The poor security problem is too big for one company to manage alone, and requires all participants in the mortgage ecosystem to embrace new approaches as part of their overall IT and security risk management programs.
The technology is available for continuous monitoring of third parties combined with active assessment and enforceability of security contract provisions. By pursuing a proactive third-party risk management approach across the expansive (and likely unknown) mortgage supply chain, organizations will improve their overall security performance while strengthening the entire supply chain ecosystem.
In order to mitigate risks and defeat offensive cyber attacks, mortgage companies must commit to:
- Proper security frameworks and policies that secure data both inside and outside of the organization;
- Assess which vendors and third parties may directly create a risk (cyber, business impact and legal) and become the source of a data breach;
- Work with experts that can help assess and manage the risk across the supply chain and build better defense-in-depth to prevent a breach;
- Use tools and analytics that are specially designed to monitor and assess the security posture of vendors in real-time, as well as improve contractual provisions that result in greater security performance.

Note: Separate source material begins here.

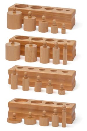 il set è composto dai celebri Blocchi dei Cilindri di Maria Montessori. Si tratta di 4 incastri solidi che permettono al bambino di acquisire i concetti per lui astratti di: “Grosso/Fino”, “Grande/Piccolo”, “Alto/Basso”, “inversamente proporzionale: Basso/Largo e Alto/Fino”.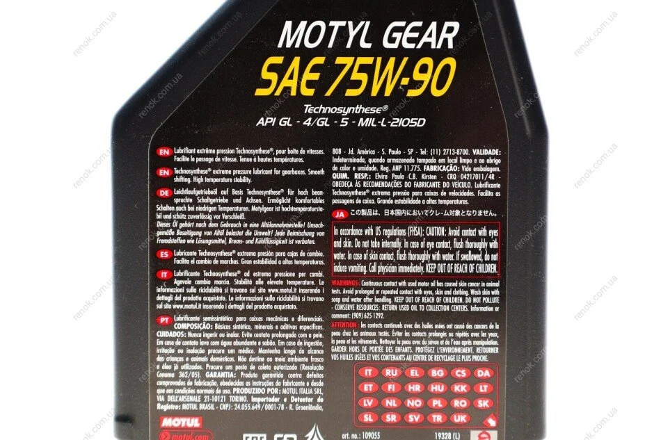 Масло 75W90 Motyl Gear (1L) (105783) (API GL-4/GL-5) (100093) MOTUL 317001

The mortgage industry is a critical component of the U.S. economy, transacting trillions of dollars in loans annually. The complexity of the supply chain to originate and service a borrower’s loan is high with a borrower’s data exchanging hands across many parties. Additionally, information security practices, levels of security investment and maturity are widespread. Given this risk profile and the data exposure, the mortgage supply chain is at high risk for nation-state-level cyber attacks.
Continuous monitoring is available and needs to be the industry standard to protect data, but also to protect the industry players. With continuous monitoring, mortgage companies can identify vulnerabilities and pro-actively mitigate them before they become hacker targets.